Use the ~ (bitwise-not) operator.

inverse_mask = ~mask;

Answer 2

Why can't you just do this:

uint8_t mask = 0x03;
uint8_t inverse_mask = ~mask;

Answer 3

There are many ways you can do it.

Let's say you have this binary value:

x = 01110110

As a human, we can identify it's "inverse" as:

y = 10001001

Now let us see it's properties:

• Every bit of y is the not of the corresponding bit in x
  • This operation is done in C like this: y = ~x;
  • Alternatively, we know that one bit xor 1 gives not of that bit, so y = x^0xFF;
• Sum of any bit plus its not is 1, without a carry. Therefore y+x == 0xFF
  • Therefore, y = 0xFF-x;

As to why your program doesn't work, let's follow the loop:

loop: 0
  mask:         0000 0011
  temp:         0000 0010
  inverse_mask: 0000 0010
loop: 1
  mask          0000 0011
  temp          0000 0001
  inverse_mask: 0000 0011
inverse_mask eventually: 0xFF

You could see the problem in the very first loop: you got a one in the second place of inverse_mask that you shouldn't have.

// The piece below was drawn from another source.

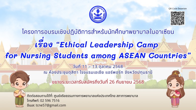 สภาการพยาบาล โดยศูนย์จริยธรรมทางการพยาบาลแห่งประเทศไทย ขอเชิญสถาบันการศึกษาส่งนักศึกษาพยาบาลหลักสูตรพยาบาลศาสตรบัณฑิต ชั้นปีที่ 2 เข้าร่วมอบรมเชิงปฏิบัติการสำหรับนักศึกษาพยาบาลในอาเซียน เรื่อง Ethical Leadership Camp for Nursing Students among ASEAN Countries" ในระหว่างวันที่ 11 - 13 ตุลาคม 2568 ณ ห้องประชุมดุสิตา โรงแรมเอเชีย แอร์พอร์ท จังหวัดปทุมธานี
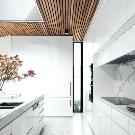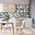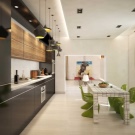 - If you like green design, but you want to live in a modern interior, wood can easily be combined with plastic and acrylic stone. The facades with an unusual minimalist design are finished in wood and look great, they are also supported by other elements of wood in the interior. White glossy textures are also used here - in furniture and on the facades of cabinets. They reflect light and make space airy.

If you wanted temp to hold only the bit that was flipped, you should have written in flibBit, instead of:

return x ^ mask;

this line:

return (x & mask) ^ mask;

So that you first isolate the bit, then flip it.

I explained so you learn the error in your program, you should still use one of the methods I mentioned first.

Answer 4

This is very simple to do using XOR.

uint8_t mask = 0x03;
uint8_t inverse_mask = mask ^ 0xFF;

Answer 5

Your flipBit function should return at most one bit only for your code to work:

0x03 ^ 0x01 = 0x02
0x03 ^ 0x02 = 0x01
0x03 ^ 0x04 = 0x07
0x03 ^ 0x08 = 0x0b
0x03 ^ 0x10 = 0x13
0x03 ^ 0x20 = 0x23
0x03 ^ 0x40 = 0x43
0x03 ^ 0x80 = 0x83
0x2 ^ 0x1 ^ 0x7 ^ 0xb ^ 0x13 ^ 0x23 ^ 0x43 ^ 0x83 = 0xff

int flipBit(uint8_t x, unsigned char position)
{
  int mask = 1 << position;
  return (x & mask) ^ mask;
}